Recorded data:
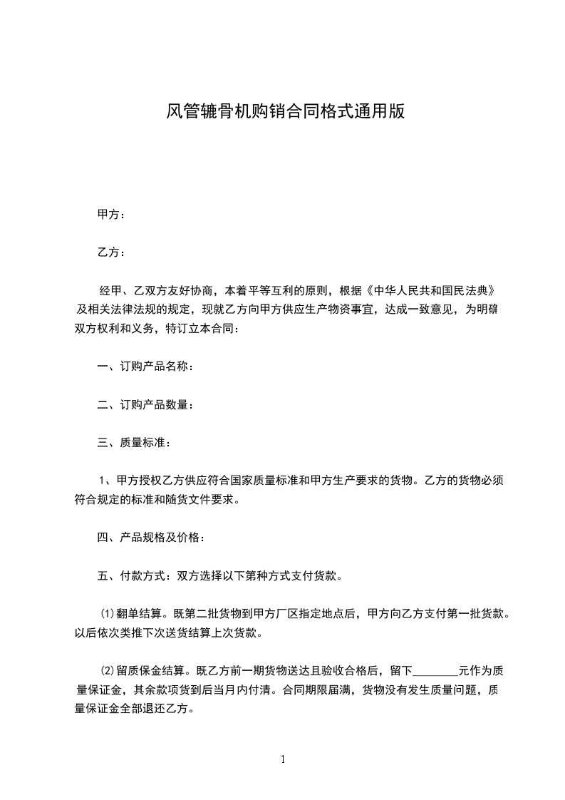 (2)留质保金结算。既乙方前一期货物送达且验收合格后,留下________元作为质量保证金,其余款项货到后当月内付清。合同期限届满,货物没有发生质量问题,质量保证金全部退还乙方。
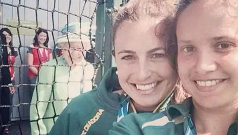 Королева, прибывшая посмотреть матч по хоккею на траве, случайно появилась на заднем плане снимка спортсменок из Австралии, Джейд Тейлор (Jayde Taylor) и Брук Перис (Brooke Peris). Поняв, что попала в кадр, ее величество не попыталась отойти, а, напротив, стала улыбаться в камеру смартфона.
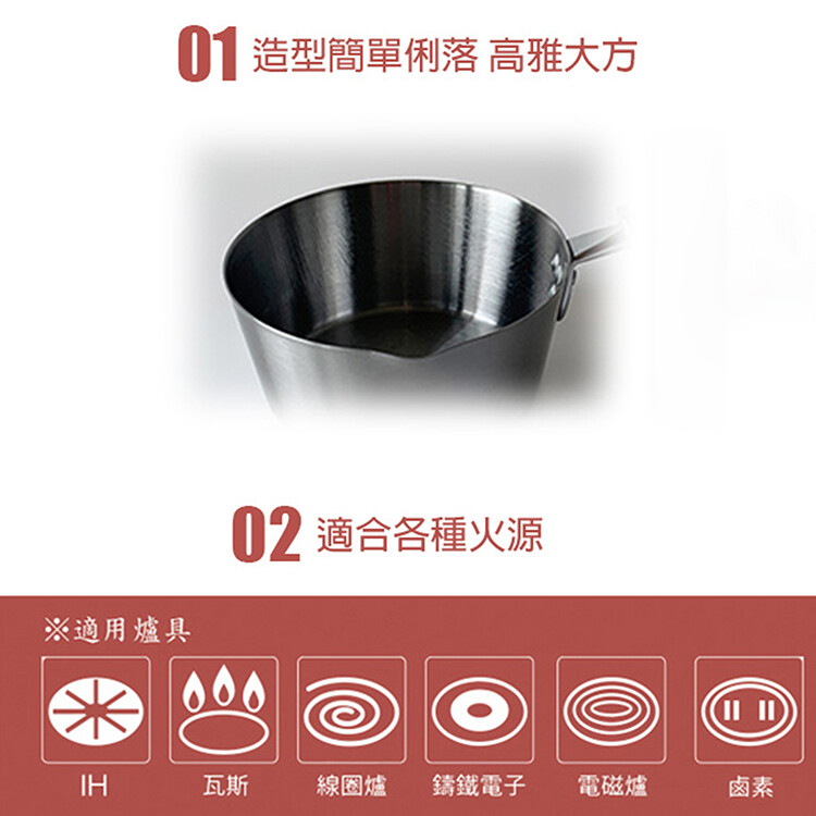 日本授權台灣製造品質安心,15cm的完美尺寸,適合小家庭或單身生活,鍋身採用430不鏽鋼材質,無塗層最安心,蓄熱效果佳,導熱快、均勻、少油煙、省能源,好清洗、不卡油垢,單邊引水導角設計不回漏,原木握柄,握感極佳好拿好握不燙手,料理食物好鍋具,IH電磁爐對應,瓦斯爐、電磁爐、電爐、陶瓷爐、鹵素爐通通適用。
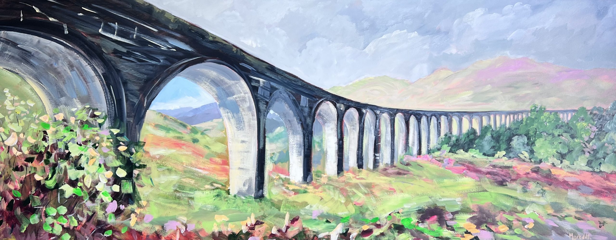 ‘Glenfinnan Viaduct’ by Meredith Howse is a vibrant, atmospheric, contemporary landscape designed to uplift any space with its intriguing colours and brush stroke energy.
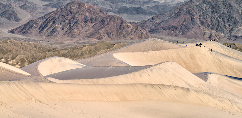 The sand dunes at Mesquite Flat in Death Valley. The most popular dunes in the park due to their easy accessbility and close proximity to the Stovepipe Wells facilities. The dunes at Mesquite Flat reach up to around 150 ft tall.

» ABOUT THIS EXERCISE: All lines from the one containing "brush stroke energy." to the last line of the records above, both included, need to be repeated word for word; omit the pictures.

» RESULT:
 ‘Glenfinnan Viaduct’ by Meredith Howse is a vibrant, atmospheric, contemporary landscape designed to uplift any space with its intriguing colours and brush stroke energy.
 The sand dunes at Mesquite Flat in Death Valley. The most popular dunes in the park due to their easy accessbility and close proximity to the Stovepipe Wells facilities. The dunes at Mesquite Flat reach up to around 150 ft tall.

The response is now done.